Ma non si vergogna? È una domanda che ultimamente mi faccio spesso. Soprattutto quando mi fermo a guardare certi post di Instagram. Sapete quel menu di immagini in cui ci si imbatte malauguratamente al mattino quando si apre la app?
Condividere tutto ci rende ridicoli
C’è gente che piange, gente che ride, gente che urla, gente che balla, gente che si confessa, gente che sfila in micro bikini con forme giunoniche o bicipiti da culturista, gente con seni e bocche enormi (ENORMI!), gente che si trasforma da ottuagenaria in ventenne tramite laboriosa operazione di make up, gente che sventola addominali flaccidi e glutei in caduta libera, gente che stira i capelli, gente che arriccia i capelli, gente che sbandiera ai quattro venti le proprie vittorie e le proprie miserie, gente che pontifica, gente che si lagna, gente che sfida il senso del ridicolo, che mette su piazza quello che un tempo si teneva prudentemente per sé, che alza l’asticella per essere guardata, ascoltata, persino criticata, purché qualcuno si accorga di lei.
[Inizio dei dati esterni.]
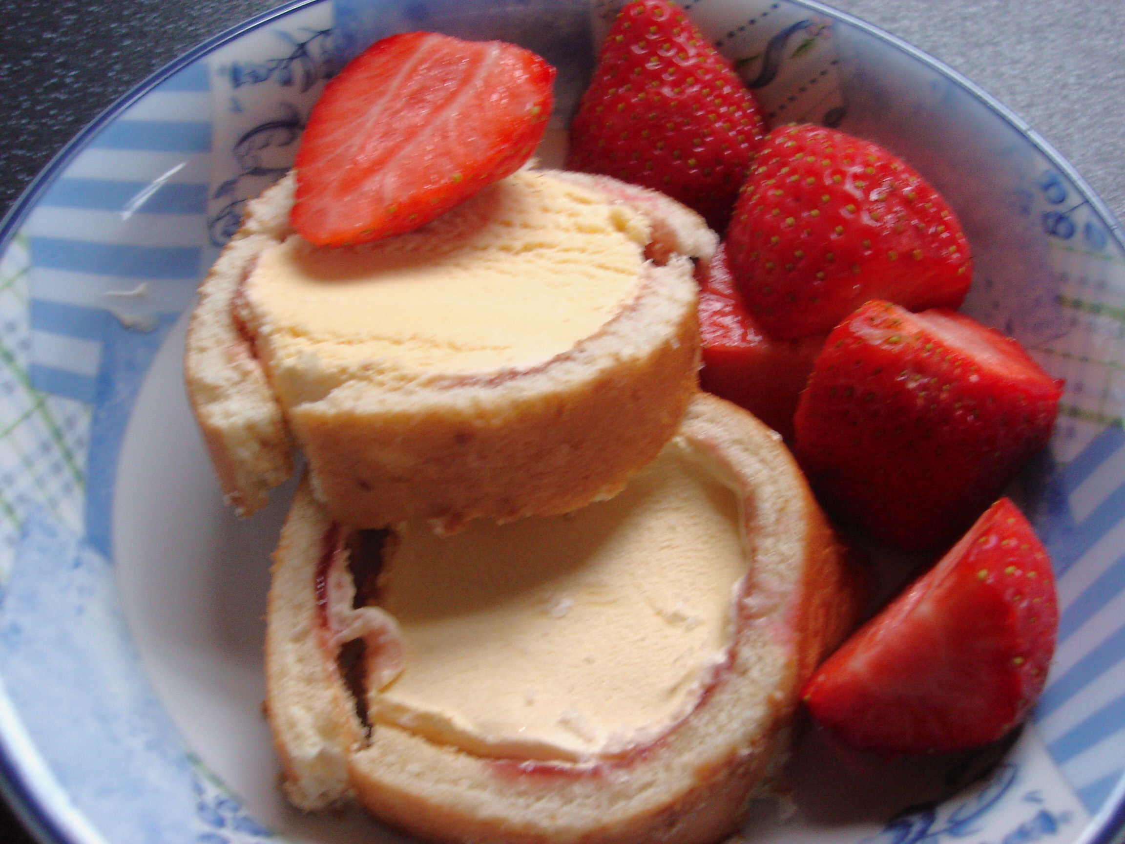 Shot of several slices of originalen:Arctic roll for enwiki-p.

Gente che si mette in mostra h24, malata di protagonismo, egotica, impudica. Lo dico senza giudizi morali. Per puro buon senso, chiedendomi: ma non è troppo?
I social sono ladri di tempo
Perché? In nome di che cosa? Pensiamo forse di salvare il mondo con le nostre pelli cascanti e contouring e filippiche e gag e rivelazioni scottanti? Pensiamo di diventare paladini di qualcosa? Portatori di nobili messaggi di libertà e inclusione? No, siamo solo brutti e patetici. Ladri di tempo. Il bello è che quanto più la gente si espone, tanto più mi viene voglia di nascondermi. Non dare, non dire, tenere per me. Condividere solo lo stretto necessario. Per il resto, riscoprire il valore della riservatezza e del silenzio. In un’epoca di perenne rumore di fondo, di opinioni non richieste, di continuo e improduttivo straparlare, di sovraesposizione e narcisismo tossico, farsi da parte e tacere lo trovo un gesto meraviglioso ed eroico. L’unico davvero controcorrente. Una ribellione tacita ma radicale al dominio della parola irrefrenabile e categorica, all’onnipresenza dell’immagine invadente e bulimica.
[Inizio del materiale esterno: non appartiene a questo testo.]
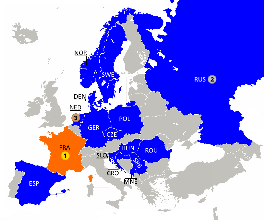 Participants and winners of the 2018 European Women's Handball Championship. Countries of the European Handball Federation Host country

La timidezza è un atto sovversivo
Pensate che atto sovversivo farsi i fatti i propri, nell’era in cui tutti godono nel farsi i fatti altrui. E farseli senza alcun intento vanaglorioso o salvifico. Solo per salvare se stessi dalla morbosità di occhi famelici. Per questo amo i timidi. La loro naturale ritrosia. Lo spazio vitale che innalzano come un muro di cinta attorno a sé. Creando un campo magnetico che li isola dalle aggressioni e dal chiasso del mondo. Rendendoli impermeabili. Anche se sono in realtà permeabilissimi. Per questo si proteggono, per non farsi contaminare. Vivendo magari con disagio questa autosegregazione, l’irrimediabile difficoltà a integrarsi nel consesso umano, ma non perché ne sentano il bisogno, solo perché desta attenzione. E l’attenzione è l’ultima cosa che vogliono. Girare le spalle a ciò per cui altri ammazzerebbero la madre: che coraggio, che provocazione!
Elogio della timidezza
I timidi sono come isole inespugnate. Luoghi vergini, non devastati dall’overtourism, dove tutto è ancora da conquistare e da scoprire. Terre inesplorate non raggiunte da Google Maps, in cui nessuno è stato, nessuno ha condiviso, nessuno ha messo una rete wi-fi. L’accesso è limitato a pochi eletti. Ma è proprio questo essere fuori dai radar a rendere le sue coste più preziose, il suo paesaggio più bello e misterioso, una rivelazione che si dischiude alla vista poco alla volta. Ogni parola è un regalo, ogni segreto che si svela una pepita d’oro. Insomma, quello che fino a ieri ci sembrava un difetto, la timidezza, ora ci appare come merce rara. Le ultime sfilate dell’Haute Couture, così discrete e sobrie, o il nostro eroe del tennis Jannik Sinner, campione dell’understatement, ne sono degni testimoni. Sarà che sta cambiando il vento? Può darsi. Ma in linea con lo spirito del trend, non sarà bora ma brezza leggera. Non affannatevi a cercare un cappotto, al massimo un foulard.